Serializing a generic class
This example is no longer relevant now that Unity can serialize generic (template) class (since version 2020.1) but it use to be that:
[SerializeField] Dictionary<string, int> cannotSerializeDico;Wouldn’t work, the Dictionary would not be serialized and would not appear in the inspector because it is a generic class (only exception to this was a List).
A good workaround for this issue is creating a non generic class inheriting the generic class we want to serialize, for example:
[Serializable] public class Dictionary_string_int : Dictionary<string, int>
{
}We can then use our non generic class in place of the generic one:
[SerializeField] Dictionary_string_int canSerializeDico;We are going to automate this process using a meta programming editor window.
Let’s start with a simple EditorWindow script that we are going to fill. This script should be in an Editor folder.
using UnityEngine;
using UnityEditor;
using System.IO;
public class NonGenericDictionaryWindow : EditorWindow
{
const string windowName = "Non Generic Dictionary Generator";
void OnGUI()
{
}
void Awake()
{
titleContent = new GUIContent(windowName);
}
[MenuItem("Juste Tools/" + windowName)]
static void Init()
{
NonGenericDictionaryWindow window = (NonGenericDictionaryWindow)GetWindow(typeof(NonGenericDictionaryWindow), true);
window.Show();
}
}First we will define the OnGUI method, all we need is 2 fields where the user can input the type to use as the Dictionary key type and value type, and a button that will generate the script.
string keyType;
string valueType;
void OnGUI()
{
keyType = EditorGUILayout.TextField("Key Type Name", keyType);
valueType = EditorGUILayout.TextField("Value Type Name", valueType);
if (GUILayout.Button("Generate"))
GenerateDico();
}
void GenerateDico()
{
}Now comes the interesting part ! We are going to generate a C# script when the button is pressed.
Most of the script we will generate is fixed, the only variable parts are the key type name and the value type name.
There is a perfect function to fill the hole from a given text, the string.Format method !

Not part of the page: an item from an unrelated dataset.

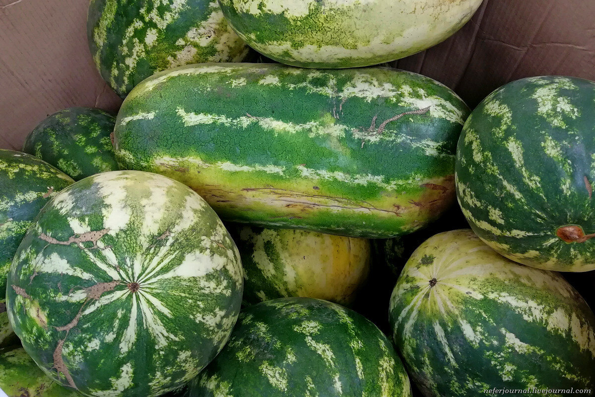 Спросила у Яндекса, что за мутант такой. Считается, что наши длинные арбузы являются родственниками американского сорта "Чарльстон Грей". Они отличаются повышенной сахаристостью и часто вырастают огромными, вес доходит до 20 кг. Однако длинным арбузам необходимо много тепла и солнца, а также подходящая почва. Если какое-то из условий не соблюдается, арбуз может потерять сахаристость и стать водянистым. Вон оно как.

Let’s create a new .txt file, the content of which we will use as our first parameter for the format method.
NonGenericDictionary.txt :
using System.Collections.Generic;
using System;
[Serializable] public class Dictionary_{0}_{1} : Dictionary<{0}, {1}>
{{
}}We use {0} for the key type name, and {1} for the value type name.
Note that we had to double the class brackets otherwise it wouldn’t be a valid format (the string.Format method will replace them with simple brackets).
Now all we need is to have a way for our window to know where the format text file is stored and where should we generate new scripts.
We will define a new static class (in the Editor folder) that we will also use for the other example of this article.
using UnityEngine;
public static class MetaGenUtility
{
const string relativeTemplatePath = "/"; // template files path relative to the Assets folder
const string relativeGeneratePath = "/"; // where should we generate the new scripts relative to the Assets folder
public static string templatePath => Application.dataPath + relativeTemplatePath;
public static string generatePath => Application.dataPath + relativeGeneratePath;
}Everything is ready for us to fill the GenerateDico method in our window script !
All we have to do is read the text file, use the string.Format method, and write the result in a file with the .cs extension.
void GenerateDico()
{
string template = File.ReadAllText(MetaGenUtility.templatePath + "NonGenericDictionary.txt");
string scriptText = string.Format(template, keyType, valueType);
File.WriteAllText(MetaGenUtility.generatePath + $"Dictionary_{keyType}_{valueType}.cs", scriptText);
}We now successfully generate a new C# script from a C# script !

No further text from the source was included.